A Geordie All-Rounder: 47 - The All-Round Dilema Of The All-Rounder
Top-line cricketer and footballer Malcolm Scott muses on the choices he made during his sporting career.
As I've now passed the biblical three score years and ten I often look back on my journey through life and think what might have been. I'm told psychologists have argued for decades about the hereditary and environmental theories of human development. I believe the former influenced my behaviour the most and that I was born with a natural ability for ball games. However, given this natural ability in the lottery of life were the right career decisions made at the right time, or what might have been?
For example, did I do right in changing from bowling fast-medium as I did at school, to bowling slow spin when I joined South Shields Cricket Club. By the time I had finished growing I had an ideal build for a fast bowler. Also I shall never know what might have been if I had broken my apprenticeship and signed professional fulltime for Newcastle United and/or Northamptonshire C.C.C.
Some people argue, even in the 1950's, it was very difficult, given the ability, to succeed in two professional sports at the same time, or to flourish on the cricket field as both a batsman and bowler. It's my experience in county cricket that most batsmen are not good bowlers, but given the opportunity many bowlers could have been excellent batsmen, had they not, like myself, been guided into a more specialised role of a bowler. Others have said that by becoming a utility player at Newcastle I contributed to my own downfall. Whatever the answers, we can't go back.

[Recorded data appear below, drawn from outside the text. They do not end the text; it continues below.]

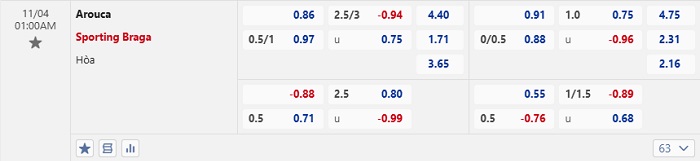 Tip kèo Châu Á full trận Arouca vs Braga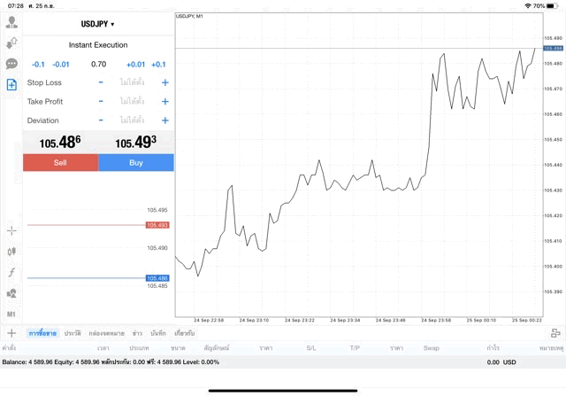 การเทรด Forex USDJPY 0.70 lot จะเริ่มขึ้นแล้ว หลังจากนักลงทุนกรอกจำนวน lot ที่ต้องการเทรดแล้วคลิ๊กปุ่ม Buy หรือ Sell การเทรดจะเริ่มขึ้น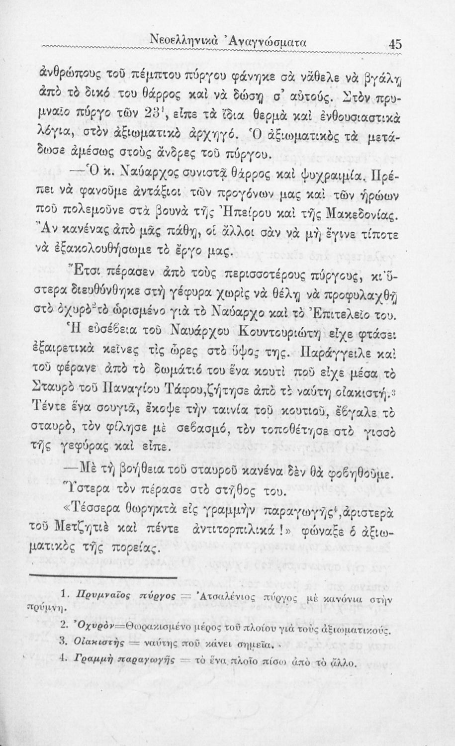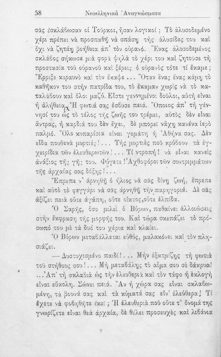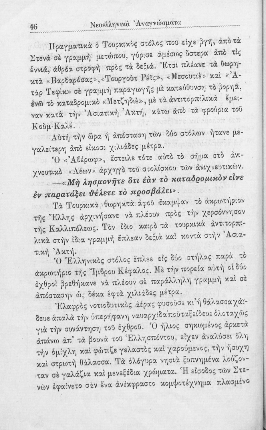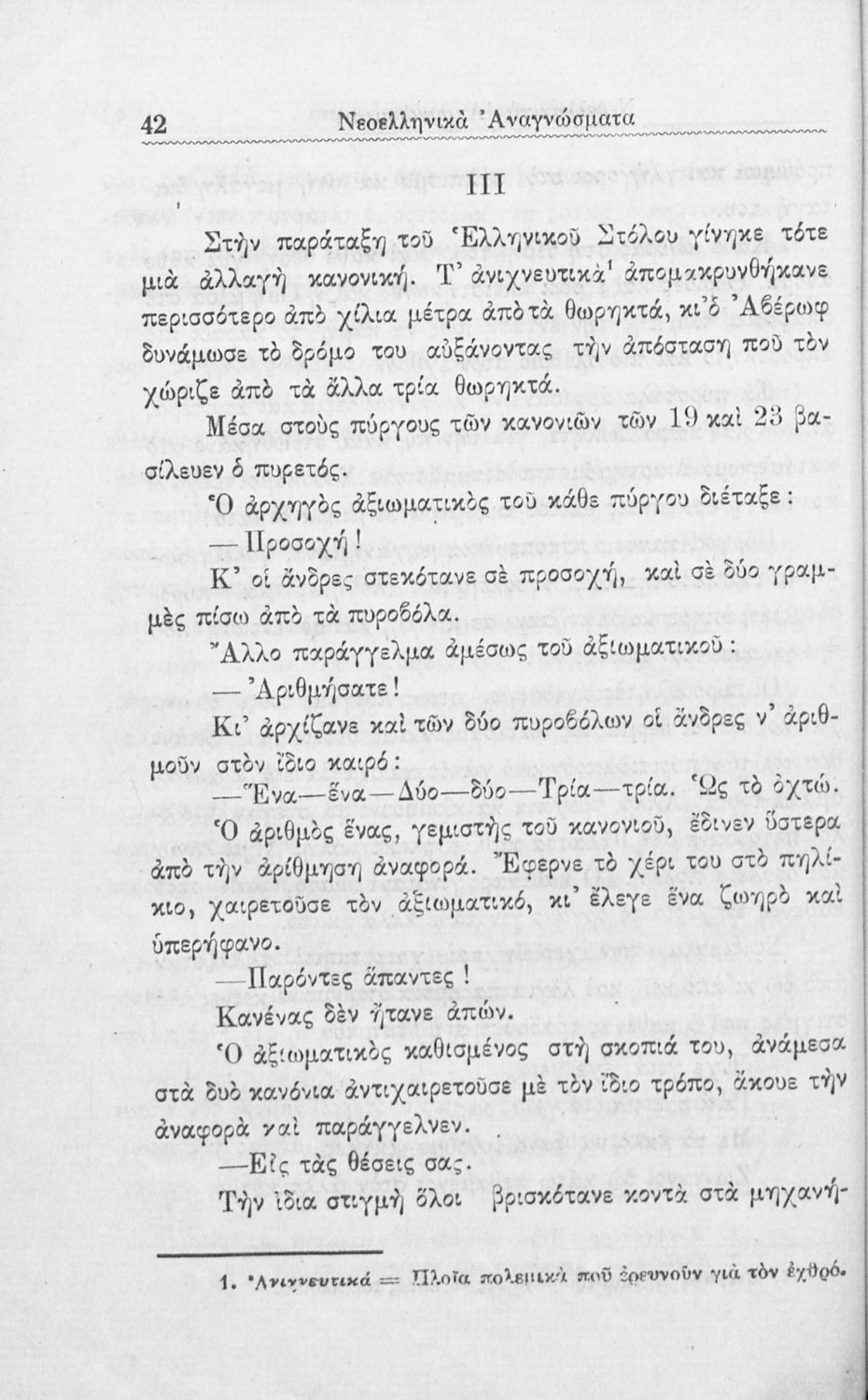 Βαθμίδα εκπαίδευσης: Δευτεροβάθμια Τάξη: Γ' Ελληνικού Σχολείου Μάθημα: Νέα Ελληνικά Γλώσσα: Απλή καθαρεύουσα Παρουσίαση περιεχομένου: Σχολικό εγχειρίδιο Νέων Ελληνικών για την Γ΄ Γυμνασίου το οποίο περιέχει σειρά κειμένων τα οποία αντλούν από τον οικογενειακό και κοινωνικό βίο και τον εθνικό παρελθόν. Στο τέλος του βιβλίου περιέχονται βιογραφίες των συγγραφέων. |

I recall a headline in the Green Sports Gazette which, referring to me read; "The All-round Dilemma of the All-rounder" My father who encouraged and guided me in everyway possible, was in spite of my relative success, a little disappointed I didn't make it to the top in at least one sport.
The psychology of football and cricket is also vastly different. Facts and figures of individual batting and bowling count at the end of the season in cricket, and this is on which players are judged, hi football a player can have a good or a bad game but it doesn't show so quantitatively in the next day's paper or in a league table.
Also in cricket a batsman's job is a lonely one. One false stroke and he is out, usually until the next match; in football a player can miss an open goal one minute, score a beauty in the next and all is forgiven.
On the County Cricket circuit during my early years it was great to be away on tour playing two games a week, living in hotels and seeing the country. The humour of cricketers is well known - the banter and the sarcasm - it's all good fun and when the team are doing well, it's even better.
After a few years somehow it's not the same. If you are not performing well - and it happens to most of us - you tend to feel out of it and the team seem to lose that respect for you they once had.
In eleven summers at Northampton, I enjoyed most of them, played with and against the very best cricketers, and had experiences I will never forget. Yes, the worry, the pain, the torment, the massive disappointments, the buzz, the camaraderie and the fascination of cricket -I experienced them all, was it all worth it? Disappointments? Yes. Regrets? None at all.
I guess we must have all loved the game, because we certainly weren't in it for the money. The salaries weren't lucrative but the non-financial benefits were good. I met many fine people on my travels and played with and against the best in two sports I loved. Certainly better than working in a shipyard!